Advances in knowledge:
This study has employed texture analysis, a novel radiomics method on DECT scans to determine the best performing parameter and their corresponding cut-off values to differentiate among the above-mentioned categories. These new parameters may help add another layer of confidence to non-invasively stratify and prognosticate patients accurately which was only previously possible with a biopsy.
Introduction
Thymoma is the most common previsceral compartment mediastinal neoplasm, constituting up to 50% of all such neoplasms.1 These tumors represent 0.2–1.5% of the total diagnosed adult malignancies with an incidence of about 0.13–0.15/100 000.2,3 There is paucity of imaging studies on thymomas, especially on the role of CT texture analysis (CTTA), warranting more research.

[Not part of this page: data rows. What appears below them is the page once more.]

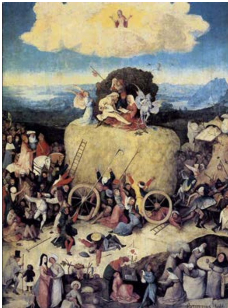
Jérôme Bosch: La vie est comme un chariot de foin, chacun en prend ce qu'il peut

Autre exemple, plus près de chez nous, d'élections démocratiques dont le résultat a été considéré comme inacceptable par „nos pays démocratiques“. Il s'agit de la Grèce et des trois élections consécutives de 2015 (2 élections parlementaires et un référendum), tous les trois refusant clairement la politique ridicule et meurtrière imposée depuis 2010 par la „troïka“, c. à d. les institutions que sont la Commission européenne, la Banque centrale européenne et le Fonds monétaire international. Il faut croire que l'objectif premier de „nos pays“ était de se débarrasser au plus vite de ce gouvernement de gauche, gouvernement qui faisait tellement contraste dans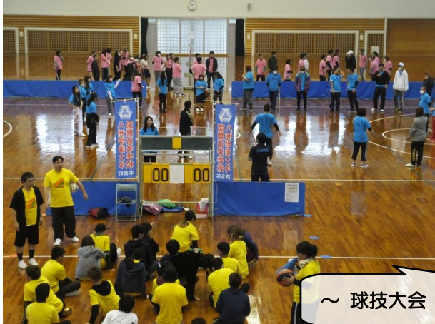
～ 球技大会 ～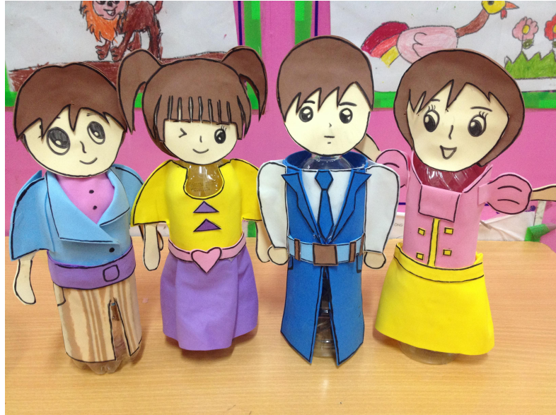
(Ảnh 10: Các con rối vô chai chủ đề gia đình)

Cách làm rối vô chai 2: Cô dùng vỏ chai để làm thân các con rối, dùng vải dạ-xốp màu,giấy màu làm quần áo mặc cho vỏ chai. , cô vẽ nhân vật ra giấy bìa sau đó tô màu thật đẹp. Tùy vào nội dung từng câu chuyện, cô thay mặt các nhân vật vào vỏ chai đã được mặc quần áo. (Ảnh 10)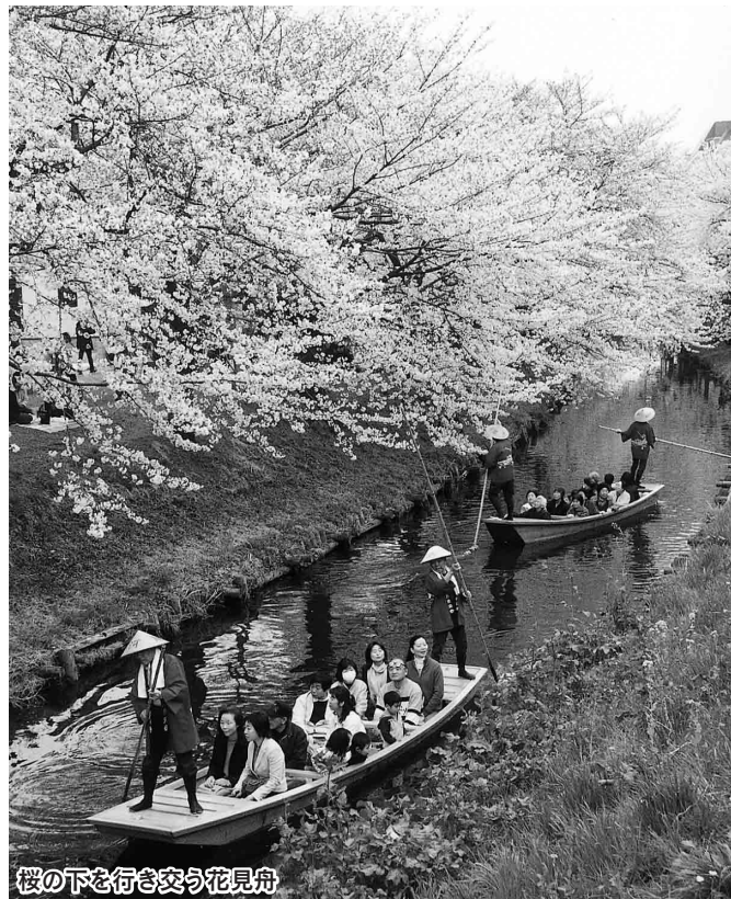
桜の下を行き交う花見舟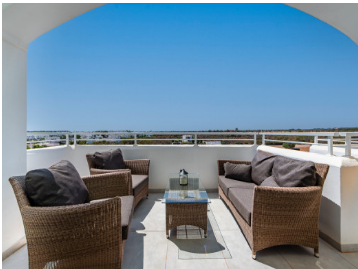
Terrasse am Wohnbereich

The major subset of patients with thymic pathology also suffer from Myasthenia Gravis (MG) or other diseases like myotonic dystrophy, and even autoimmune cytopenias.4,5 Upto 80% of patients with MG develop thymic lesions (65% thymic hyperplasia and 15% thymomas).6 Diagnosis is vital in this subset as thymectomy is indicated in all cases of thymoma as it is a potentially malignant tumor, and it also results in improvement of the clinical course in MG.7 The prognosis after surgery depends primarily upon the surgical stage and the WHO histological grade.

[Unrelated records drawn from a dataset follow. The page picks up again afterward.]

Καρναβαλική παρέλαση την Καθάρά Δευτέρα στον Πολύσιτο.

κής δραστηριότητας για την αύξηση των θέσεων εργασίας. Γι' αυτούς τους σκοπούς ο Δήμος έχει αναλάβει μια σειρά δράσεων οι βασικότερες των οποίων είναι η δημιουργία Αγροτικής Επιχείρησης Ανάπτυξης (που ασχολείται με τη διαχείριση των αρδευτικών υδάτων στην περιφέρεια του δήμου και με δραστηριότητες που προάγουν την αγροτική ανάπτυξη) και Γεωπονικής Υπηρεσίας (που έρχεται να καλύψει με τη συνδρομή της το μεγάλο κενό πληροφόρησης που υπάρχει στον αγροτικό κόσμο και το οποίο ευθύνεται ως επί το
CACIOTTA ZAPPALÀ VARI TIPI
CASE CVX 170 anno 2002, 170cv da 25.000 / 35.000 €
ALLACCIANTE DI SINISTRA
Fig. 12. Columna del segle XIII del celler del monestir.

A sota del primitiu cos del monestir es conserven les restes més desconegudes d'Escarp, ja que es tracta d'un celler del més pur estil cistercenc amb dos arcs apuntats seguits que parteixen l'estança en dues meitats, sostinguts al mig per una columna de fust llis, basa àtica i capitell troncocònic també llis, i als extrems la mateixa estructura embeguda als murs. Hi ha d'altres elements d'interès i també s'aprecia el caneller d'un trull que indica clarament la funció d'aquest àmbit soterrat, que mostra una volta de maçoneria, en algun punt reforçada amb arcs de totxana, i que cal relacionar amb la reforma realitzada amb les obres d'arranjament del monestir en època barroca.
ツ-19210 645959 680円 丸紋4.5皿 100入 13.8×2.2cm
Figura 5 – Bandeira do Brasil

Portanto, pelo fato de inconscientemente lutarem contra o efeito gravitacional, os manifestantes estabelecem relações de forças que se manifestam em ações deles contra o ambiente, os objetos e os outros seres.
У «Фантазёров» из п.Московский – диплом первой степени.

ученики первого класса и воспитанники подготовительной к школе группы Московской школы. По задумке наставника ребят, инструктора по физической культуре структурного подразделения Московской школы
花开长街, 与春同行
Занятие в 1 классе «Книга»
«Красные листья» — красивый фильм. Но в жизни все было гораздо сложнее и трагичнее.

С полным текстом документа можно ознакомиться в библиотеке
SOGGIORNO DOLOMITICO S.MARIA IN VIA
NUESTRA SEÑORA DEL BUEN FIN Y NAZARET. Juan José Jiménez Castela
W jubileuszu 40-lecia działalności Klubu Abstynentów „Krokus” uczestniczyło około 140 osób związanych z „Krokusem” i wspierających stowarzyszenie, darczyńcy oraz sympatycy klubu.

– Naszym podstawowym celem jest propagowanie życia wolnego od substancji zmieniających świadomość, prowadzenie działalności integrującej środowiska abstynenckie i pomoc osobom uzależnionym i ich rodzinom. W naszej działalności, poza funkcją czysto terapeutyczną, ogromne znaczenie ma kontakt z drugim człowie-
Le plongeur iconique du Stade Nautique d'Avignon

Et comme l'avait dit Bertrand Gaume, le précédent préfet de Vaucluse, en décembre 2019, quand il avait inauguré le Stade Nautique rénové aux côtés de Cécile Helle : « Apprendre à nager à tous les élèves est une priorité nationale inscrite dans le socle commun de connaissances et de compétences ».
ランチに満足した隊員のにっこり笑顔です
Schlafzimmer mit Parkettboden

The Masaoka Koga (MK) system is used for the staging of thymomas. High MK stage tumors (IIb, III, IVa and IVb) have a 5 year survival rate of ~50 to 70% as compared with the low stage tumors which have ~90% survival rate.8 These statistics stand true for the WHO grading as well (high grade defined as grades B2, B3 and C). Predicting these data prospectively on imaging, will help in planning the appropriate course of management and provide prognostic information. A biopsy may also be performed (especially incase of uncertain diagnosis) and may direct the patient to chemotherapy in case of thymic carcinoma/lymphoma.
Thymic hyperplasia is a benign entity but thymectomy is still indicated, as it leads to clinical improvement of myasthenic symptoms in up to 85% of patients and leads to drug free remission in up to 35% of patients.7
CT is the current standard for diagnosis, and relies primarily on the qualitative morphological parameters for differentiating a normal thymus from hyperplasia or thymoma. However, this qualitative approach is not foolproof, as around 20% of thymic hyperplasias appear morphologically similar to thymomas and about 45% of thymic hyperplasias can mimic a normal thymus.6 Hence, quantitative imaging techniques like CTTA could potentially help in this differentiation and further predict the MK/ITMIG stage and the WHO grade of the tumor, thus influencing the management.

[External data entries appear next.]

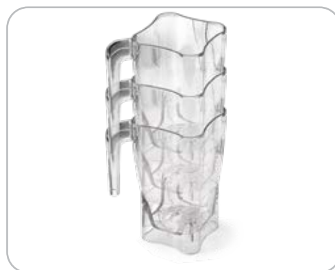
Copos quadrados empilháveis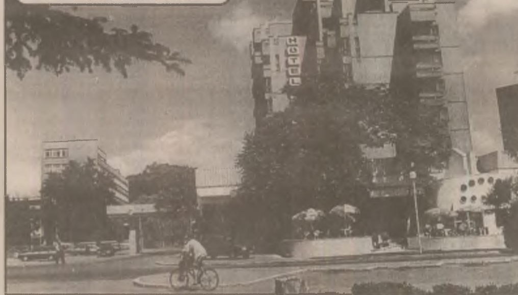
Secvență deevenă

Cei îndreptățiți să dea aceste sancțiuni sunt, în primul rând, polițiștii și gardienii publici. S-a mai afirmat că luna septembrie a fost declarată „luna curățeniei în municipiul Deva.” (V.N.)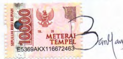
Bambang Adi Priyono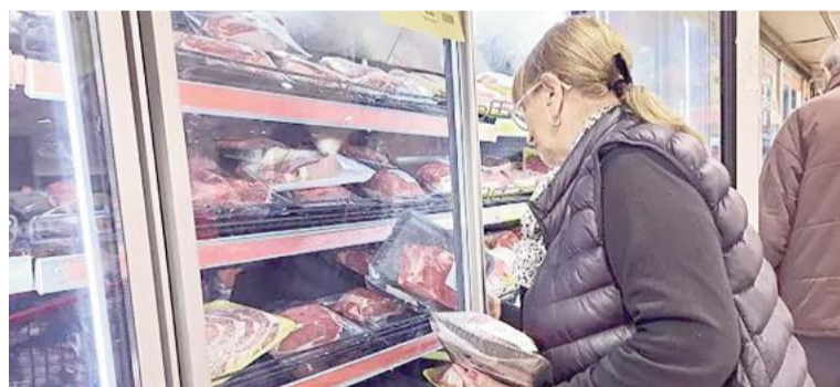
Solo en el primer trimestre la suba de los precios de la canasta de los trabajadores llegó al 9%.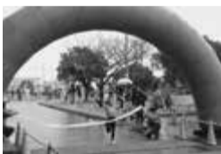
▲千葉県民マラソン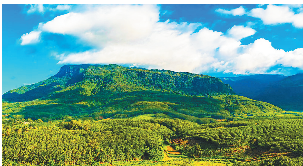
风景秀丽的佳西自然保护区。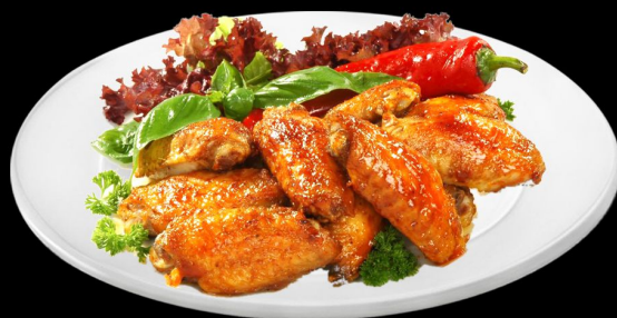
Крылышки на углях 300г. 360р. куриные крылышки со специями, подается с салатом, картофелем фри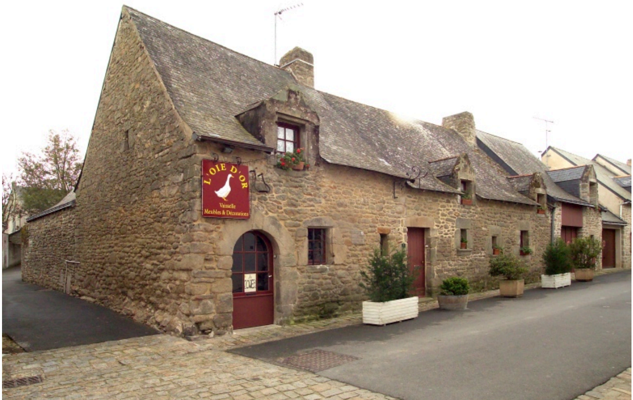
Vue générale vers le Sud.

CTTA is a quantitative imaging technique under the broader category of radiomics, which assesses tumor heterogeneity at the pixel level by evaluating the distribution and spatial relationship of grayscale pixel values. Multiple studies have shown the efficacy of CTTA in evaluating lung tumors, glioblastomas, breast cancer, colorectal carcinomas and renal cell carcinomas, however there are only scant data on the role of CTTA in evaluating thymic tumors.9
Radiomics using texture analysis has proven to be a significant paradigm in evaluating the microarchitecture of the tumor which potentially reflects various histological tumor details like grade or stage. CTTA has the potential to non-invasively predict tumor subtypes thus providing prognostic information regarding the tumor pre-operatively, which is currently only possible through a biopsy.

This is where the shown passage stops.